Ryder was out of his truck. And he was dressed for roping, in his faded jeans, a black T-shirt and nearly worn-out roper boots.
“You going with me?” He tossed the question before he reached the barn. His grin was big, and he was acting as if there was nothing wrong between them. Andie wished she could do the same.
“I don’t know.”
Etta’s brows went up and she shrugged. “I’m going in the house. I have a roast on and it needs potatoes.”

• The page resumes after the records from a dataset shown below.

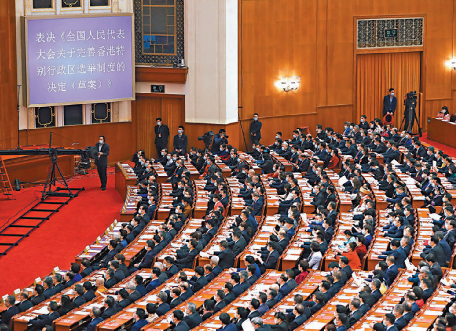
● 十三屆全國人大四次會議表決通過《全國人民代表大會關於完善香港特別行政區選舉制度的決定》。
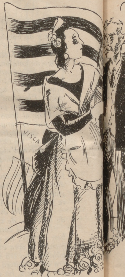
—Caram, caram! Ais poso

Això, poble de Catalunya, no deus oblidar-ho. Quan el senyor Cambó, en mítings i conferències, et digui que ell no ha estat mai monàrquic, digues-li a la cara que menteix. Recorda-li la seva conxorxa amb el duc de Maura, amb en Silió, amb en Goicoechea i
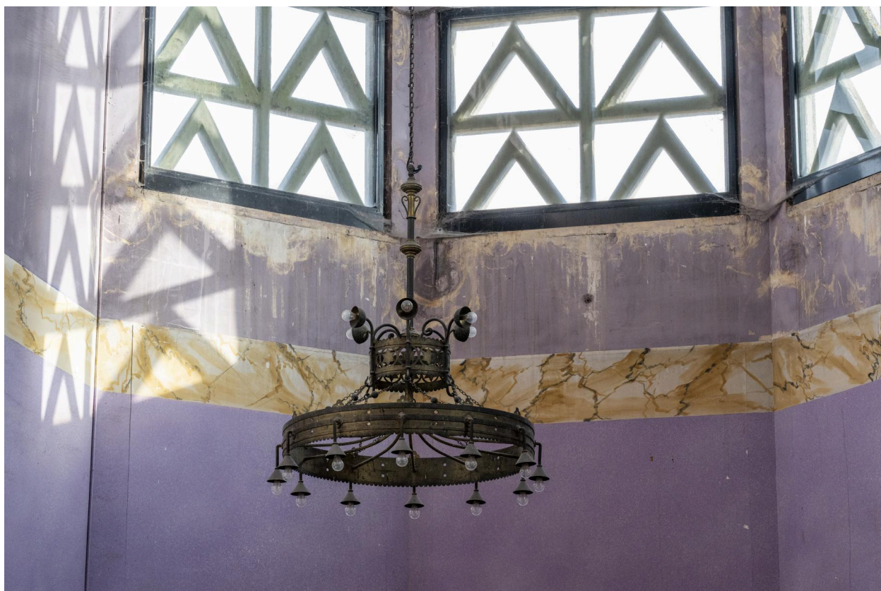
Vue du luminaire du chœur.
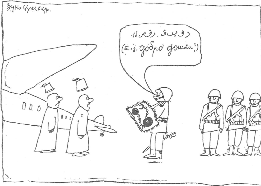
Das libysche Staatskidnapping des interimistischen Umsturzpräsidenten El Nur aus einem britischen Flugzeug: Empfang in Benghasi: «Willkommen!» («Politika», Belgrad)
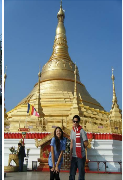
พระธาตุขวงดวงจําลอง ท่าขี้เหล็ก พม่า
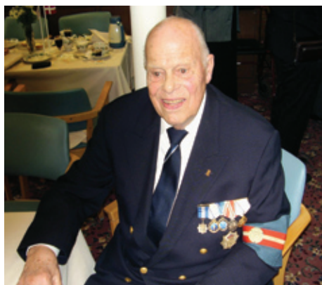
FEB-81 Kenneth Olsen
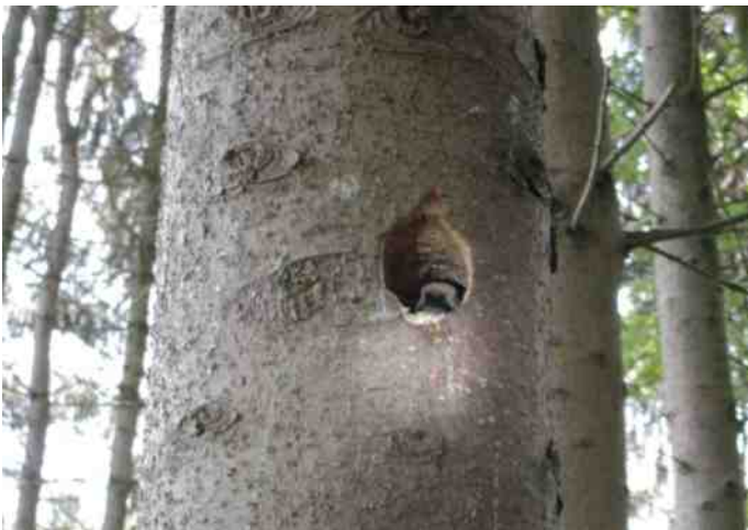
Bonte specht.
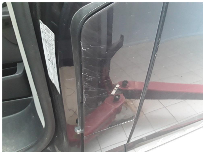
1.2 Øvrig opplysninger riper tanklokk
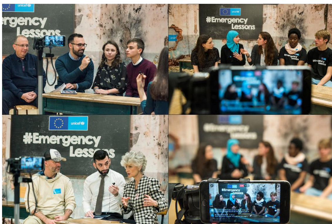
Деца бежанци, учители и посланици на УНИЦЕФ обясниха какво е значението на училището при избухването на кризи в интервюта за страницата на ЕП във Facebook.
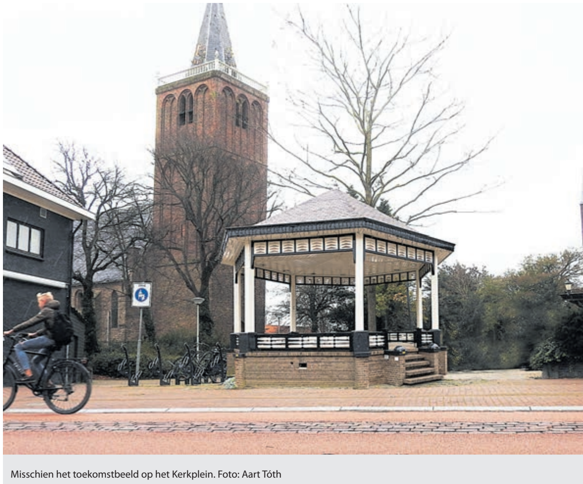
Misschien het toekomstbeeld op het Kerkplein.
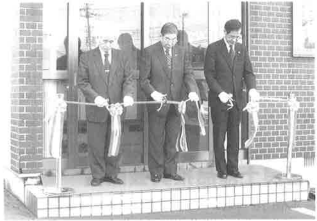
▲去る4月2日、開所式としてテープカットが行われた
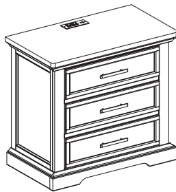
Cabinet Body *1
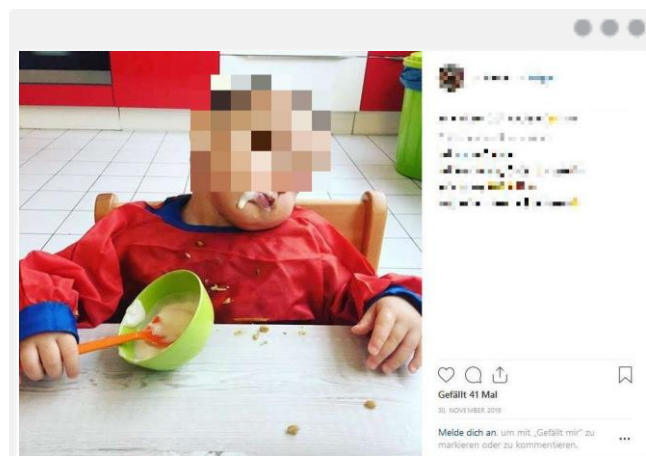
Momentaufnahmen, die Erwachsene amüsieren, können bei Kindern Schamgefühle hervorrufen.

Das Recht auf Selbstdarstellung, also auf die Entscheidung darüber, wie man sich nach außen präsentieren möchte, sieht jugendschutz.net in 22 % der Profile angetastet. Fotos von sabbernden, sich mit Essen bekleckern oder unbeabsichtigt komisch dreinblickenden Kindern mögen in Erwachsenenaugen süß oder witzig wirken, können bei den Betroffenen jedoch jetzt oder später erhebliche Schamgefühle hervorrufen. Schlimmstenfalls bieten sie sogar hinreichend Munition, um sie zur Zielscheibe für Spott und Häme zu machen.

Andie watched her grandmother walk away and then she turned her attention back to Ryder. He scratched his chin and waited. And she didn’t know what he wanted to hear.
“Come on, Andie, we’ve always roped on Sunday evenings.”
It was what they’d done, as best friends. And they hadn’t minded separating from time to time. She’d go out with James or one of the other guys. She’d watch, without jealousy, when he helped Vicki Summers into his truck. No jealousy at all.
Because they’d been best friends.
But today nausea rolled in her stomach and she couldn’t think about leaving with him, or him leaving with Vicki afterward. And that wasn’t the way it was supposed to happen.
“I can’t go, not tonight.”
“I don’t want to lose you.” He took off his white cowboy hat and held it at his side. “I wish we could go back and…”
“Think a little more clearly? Take time to breathe deep and walk away?” She shook her head. “We can’t. We made a choice and now we have the consequences of that choice.”